Aiden took them outside and showed them the delivery bag on the back of his bike.

It was almost his height.

“Huang is popular enough that you can expect the bag to be half filled at any time, granted, if you are signed on, you helping out should halve my current load, but a bike would just be better.”

“Also,” he added on as an important afterthought, “you aren’t legally allowed to earn money with your ability, there’s more leeway for passive abilities like you, but a bike would give you a layer of deniability.”

“Oh yeah,” Jun nodded, looking over the bike, “I heard about this, it’s why families trade favours and material goods instead.”

“Material goods?”

“Yeah,” Jun replied, “Like, they need a kid’s ability, but they can’t pass them a fiver to do it, so they give them a diamond worth five bucks, or promise to help them out later.”

“Diamonds should be worth significantly more than ‘five bucks’, though I get what you mean,” he replied.

“Yeah, you and Wren did the same thing right?”

Aiden paused.

The concept was not at all foreign to him, he recalled a rather famous incident where a politician got egged after receiving an alleged bribe in the form of two tailored suits, or how his old company’s CEO had ‘gifted’ several famous paintings to the government’s environmental administrations department.

He simply did not conceive that he had participated in such money laundering.

“Huh,” he said. “I suppose I did.”

A companion for a right hand, it was fitting in an odd way.

Glancing up at the setting sky, Aiden said, “It’s getting late, I’ll head home for now.”

“Wait a moment,” Jun asked, raising a hand, “can I try your bike for a second?”

“Sure.”

Jun stepped up to the bike, examining it with a strange look.

Breathing deeply, they sat on the seat, with one foot on the ground, they gave it a test pedal, before they kicked off and rode-

For a solid second before they lost balance and slammed their foot into the ground.

“I don’t know how to ride a bike,” Jun frankly said.

“How could you-”

Aiden stopped.

He stopped and thought about his visit.

He had come to just teach Jun how to make the mix he gave Fluffy, but he spent so much more time here didn’t he?

Jun didn’t know how to cook for themself, operate a washing machine, and had no job experience.

Why?

“No one ever taught me.”

He remembered.

Fresh into his twenties, long after he left his foster home which was barely better than his original.

Months of nothing but cup ramen until a nutrient deficiency knocked him in a hospital for five days.

Clothes worn and washed till they faded.

Pouring rain as he installed training wheels onto a bike he’d never learned just to save the slightest bit of money travelling to a job he hated.

Aiden looked towards the setting sun, then at the quiet street with no active traffic or cars.

“There’s a helmet in the bag, put it on,” he said as he stepped towards Jun.

“Don’t try to pedal immediately,” he gently told Jun as he helped them strap on the helmet. “Sit and use your legs to kick off the ground, do this and keep building momentum, at a certain point the momentum cancels out any imbalance you will feel…”

“Good good… now only use one leg to kick off, keep the other on the pedal…”

Jun didn’t get it at first.
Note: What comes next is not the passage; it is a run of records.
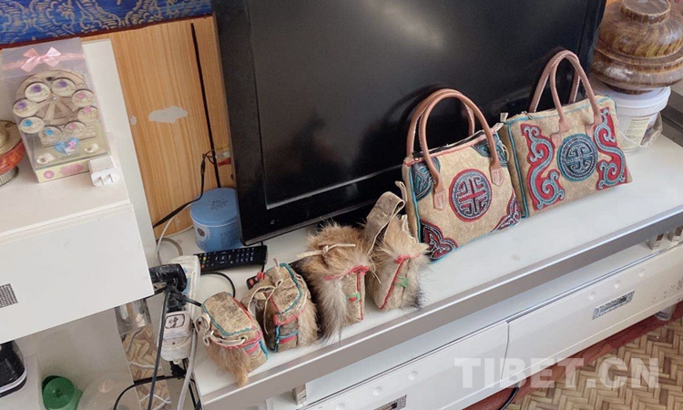 居家的員工們各自縫制著牛皮包、帽子、小掛件等藏族傳統(tǒng)物件,裁片、組合、縫制……一道道工序在他們勤勞的雙手上有條不紊地進行著。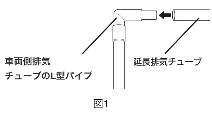 1. 延長排気チューブを車両側排気チューブのL型パイプに差し込んでください。(図1)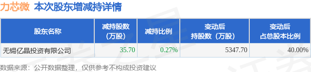 证券之星消息,12月1日力芯微发布公告《力芯微:简式权益变动报告书》,其股东无锡亿晶投资有限公司于2025年11月25日至2025年12月1日间合计减持35.7万股,占公司目前总股本的0.267%,变动期间该股股价上涨13.22%,截止12月1日收盘报48.22元。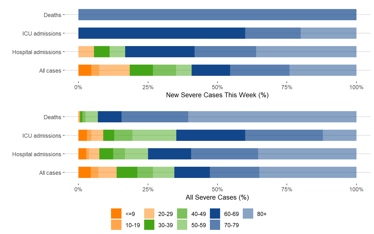 Figure 7. Age Distribution of Severe COVID-19 Cases This Week Compared to All Cases, Manitoba, July 3, 2022 – February 11, 2022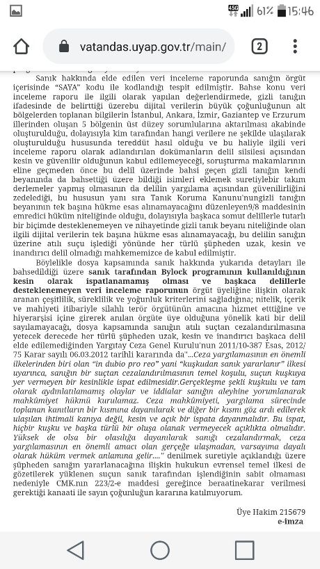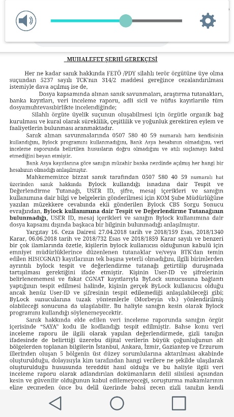 Ekte resmi yer alan Ceza Mahkemesi kararının ilgili kısmı incelendiğinde hakkında bylock kullanıcısı olma ve garson kodlaması iddiaları olan kişi hakkında yapılan ceza yargılaması sonucunda OYÇOKLUĞUYLA mahkumiyetine karar verilmiştir, ekte resmi yer alan beraate yönelik muhalefet şerhi incelendiğinde hem bylock hem garson kodlaması ile ilgili önemli tespitler içermektedir, hem idari hem ceza yargılamasına emsal olarak sunulabilir, muhalefet şerhi ektedir;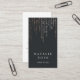 Simple and elegant vertical business card design features classic white lettering on a rich soft black background with vertical strands of faux rose gold foil string lights cascading from the top. Personalise with two lines of custom text on the front, and add your full contact information to the reverse side.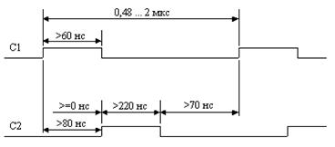 микропроцессора С1 и С2 с уровнем 12 В, сигнал С с уровнем ТТЛ, а также сигнал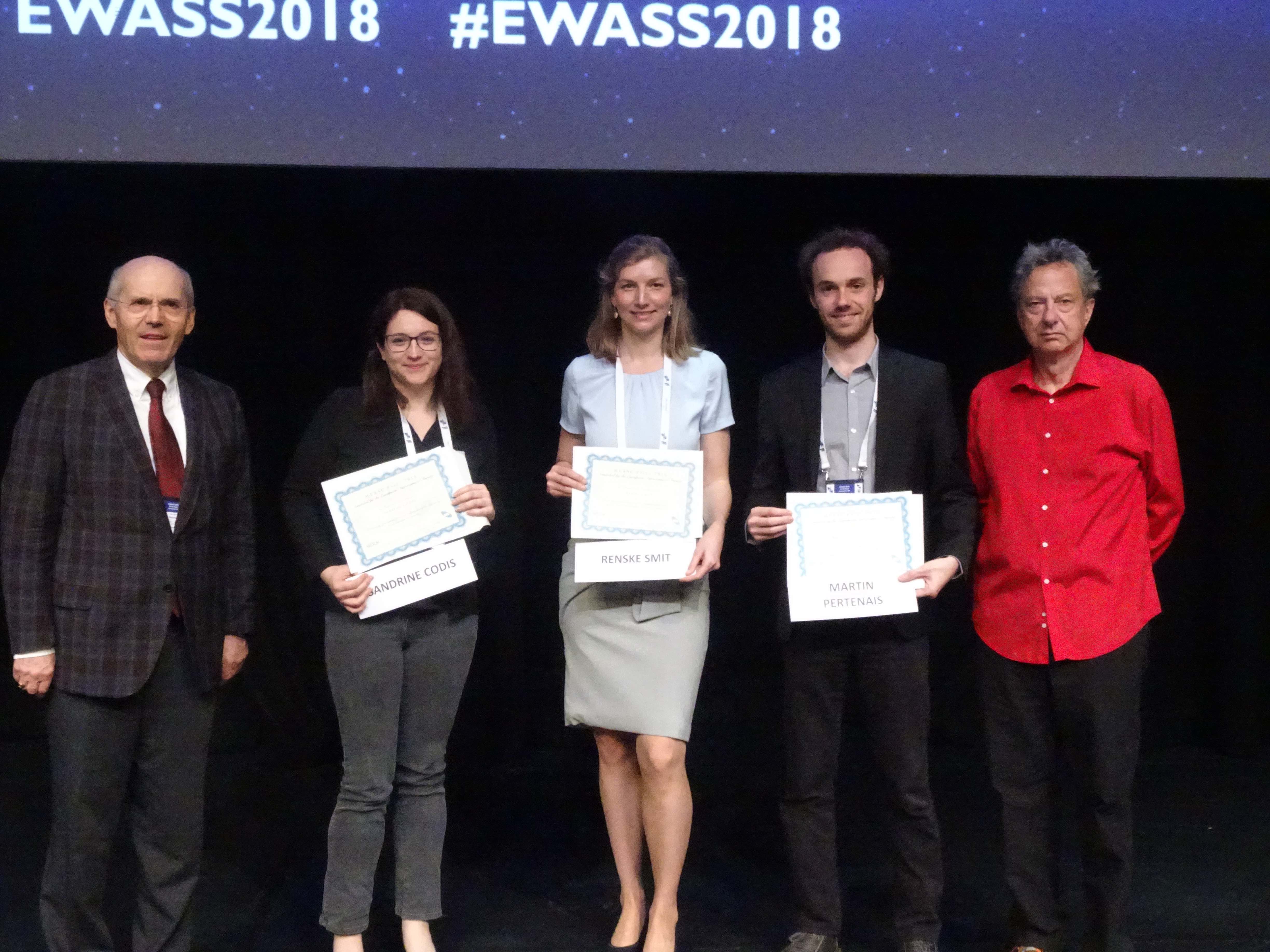 Group picture taken at EWASS 2017 in Prague, Czech Republic marking the 5-year jubilee of the MERAC Prizes. The laureates are surrounded by George Lake (far left), Jean-Marie Louzier (left), and Carl Stadelhofer (right) all from the FONDATION MERAC, together with the EAS President, Thierry Courvoisier (far right).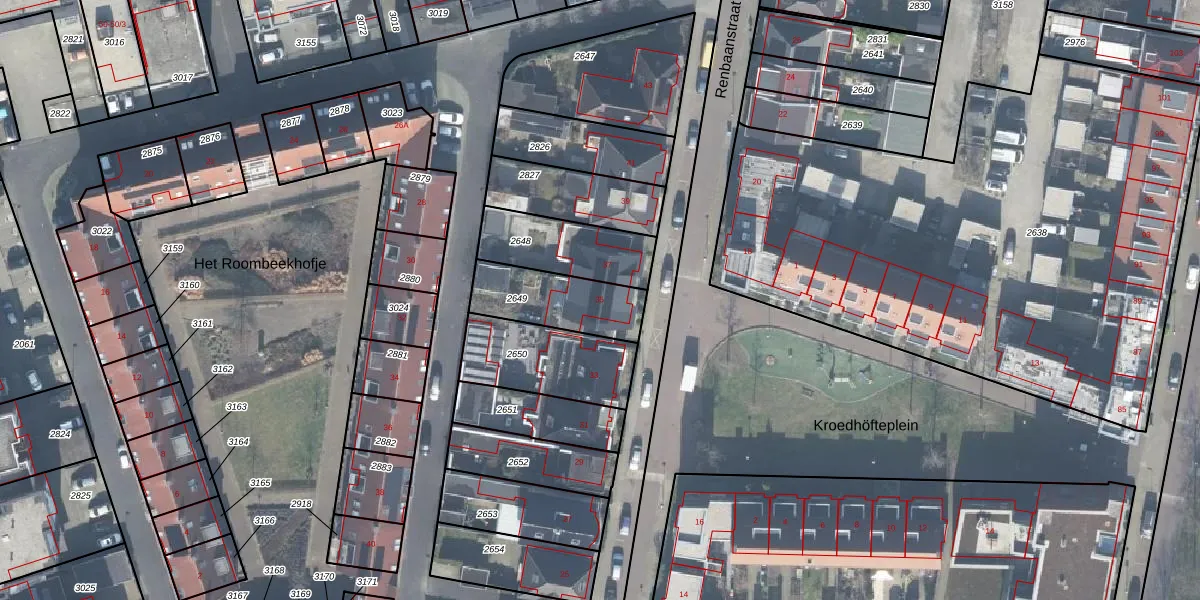 Gebruik de zoekbalk of klik op een perceel voor informatie over de adressen binnen dit perceel.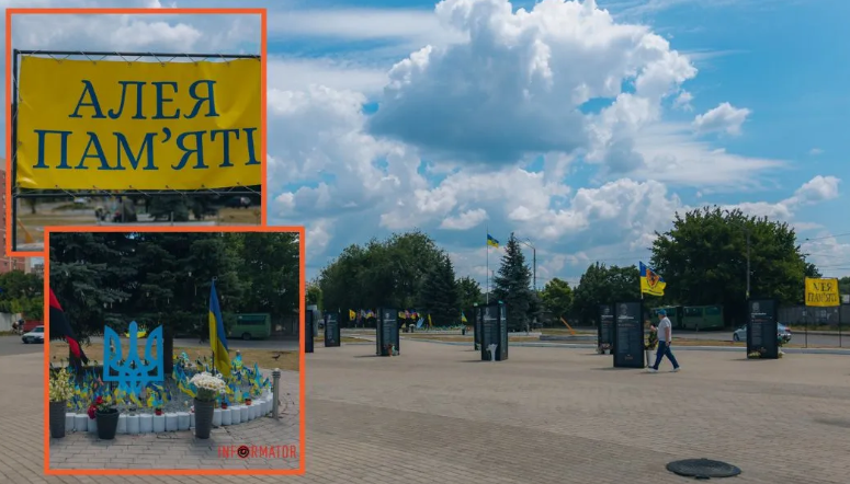 На місці також є тригранні конструкції. На них є зображення воїнів, інформація про них, а також qr-код з детальною біографією полеглого Захисника. Біля кожної конструкції ми помітили квіти та прапор. Поруч є ділянки з великими прапорами та маленькими, які вставлені в землю.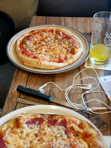 Gute Lage, schönes Ambiente. Guter Service. Eigentlich perfekt. Gilt leider nicht für das Essen. Die Pizzen sind handwerklich nicht besonders gelungen. Ich konnte 3 bei meinen Kollegen probieren. Der Teig war dünn (gut) aber extrem schlecht durchgebacken. Zuviel Flüssigkeit on top oder falsche Hitze oder Garzeit. Kein besonders guter Käse und gewiss zuviel davon. Beläge der absurdesten Art im Angebot, einen davon „durfte“ Ich probieren. „Pizza“ mit Gyros und Salat drauf, HÄ ??? Der Salat bestand im wesentlichen aus Kopfsalat und Gurken Scheiben, nix buntes nur grün. Vom Kopfsalat war kein Strunk entfernt worden, eigentlich bestand er überwiegend aus bitteren wässrigen Strunken. Die Zwiebeln waren extrem dick (geschnitten ? Niemals). Sehr sehr unangenehm auf so einen Balken zu beißen, der Nachgeschmack bleibt noch Stunden im Mund. Handwerklich gehört das zum schlechtesten das ich in der Gastronomie erleben durfte. Ich gehe nicht weiter auf die anderen Pizzen ein, der Grundgeschmack war ähnlich. Von den Schweine Medallions mit Pommes und Ketchup meines letzten Kollegen reden wir besser nicht ! Die Präsentation die Anrichte das gesamte „Gericht“ ist einer Bahnhofs Frittenbude unwürdig ! Wie unglaublich schlecht ! Ich mag es kaum glauben dass es Kunden gibt die dafür einen absolut unangemessenen Preis bezahlen (das Gericht wäre auch geschenkt schlecht und zu teuer). Insgesamt stimmt hier das Preis Leistung Verhältnis gar nicht. Für die Qualität ist ALLES extrem überteuert ! Gilt auch für die Getränke ! Würde aber nichts helfen. Preiswert würde den Schmerz lindern, die Qualität aber auch nicht verbessern. Die guten Rezessionen können nur Fake sein oder von völlig Ahnungslosen Anspruchlosen stammen. Für Gastronomie ist das hier deutlich zu wenig !!!...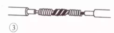 ②将两根线头相对插入并穿出压接管,使两线端各自伸出压接管25~30mm。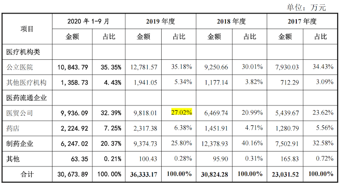 界面新闻注意到,2019年,新荷花来自医贸公司的销售收入占比为27.02%,来自药店收入占比为6.38%,对比来看,来自医疗贸易公司和药店的收入占比确有所上升,而原来自制药企业的销售收入占比有25.8%,但在本次报告期的销售占比下滑至13%以下。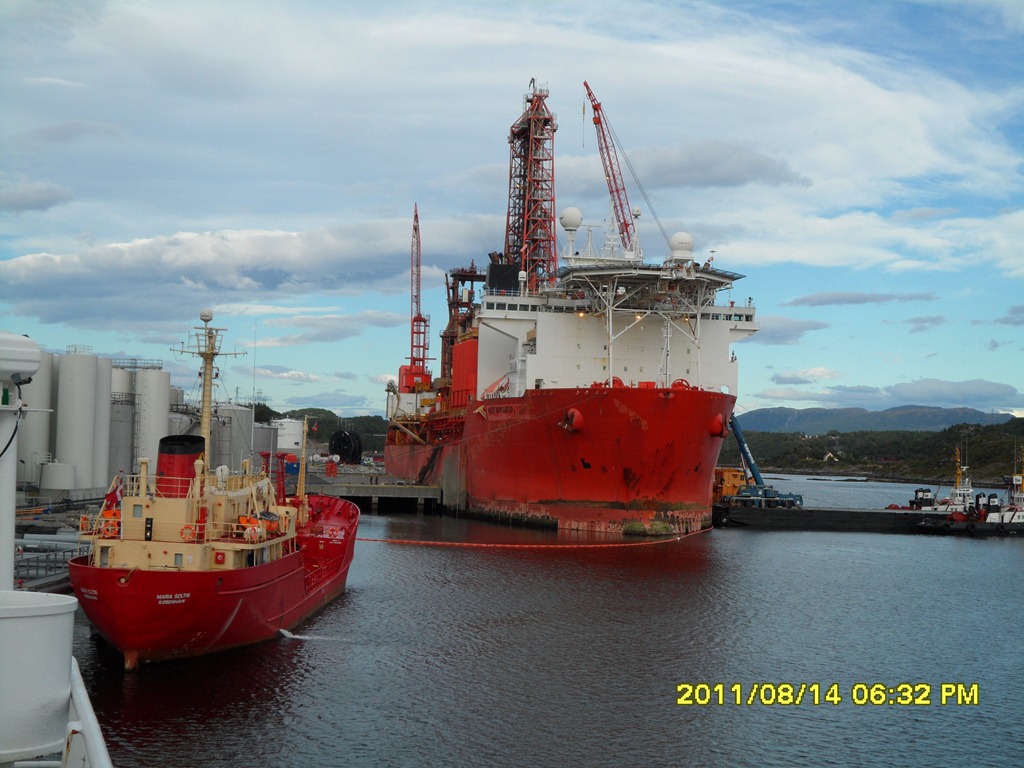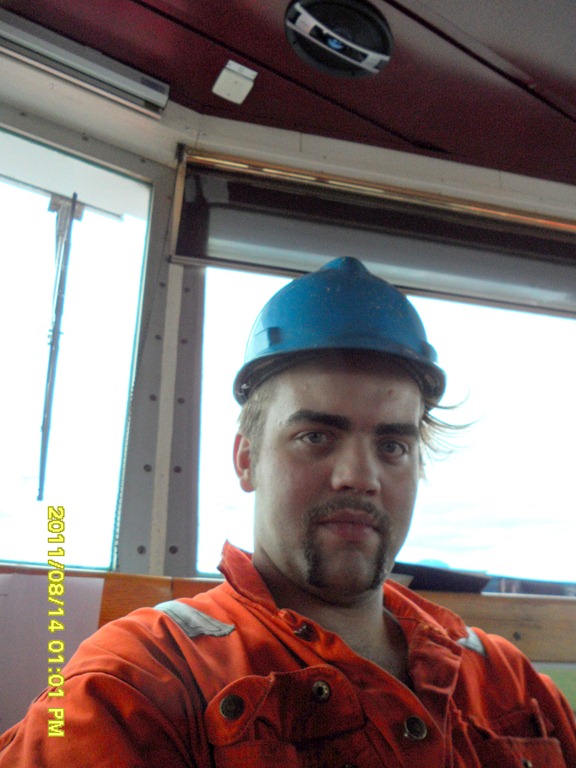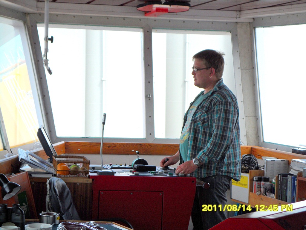 12:30 Vaknar och går upp på bryggan eftersom vi hade bestämt att ha lite övningar idag. De är då på väg att gå till väntekaj i Kristiansand.

Like a blind drunken walrus tap dancing down the freeway, Jun stumbled and cursed, wobbling far too much as they overcompensated in a myriad different ways.

“Don’t balance with your legs, do so with your upper body…”

But slowly Jun got the hang of it. As they kicked off the ground, the bike sped up, and they maintained their balance for longer and longer.

“Try turning now…”

That caught them up, the sudden shift from a straight line to a curve, but in time, even that was conquered.

Holding the bike from the back, he said, “Now try peddling…”

And Jun did.

They pedalled forward, Aiden holding the back of the bike in balance, a reassuring presence as they rode through the street as night lights lit up.

Slowly, Jun gained more confidence, they rode quicker, faster, and Aiden’s measured steps turned into a jog, then a sprint.

Until he couldn’t keep up at all, and Jun rode, not even noticing that Aiden had let go a long time ago.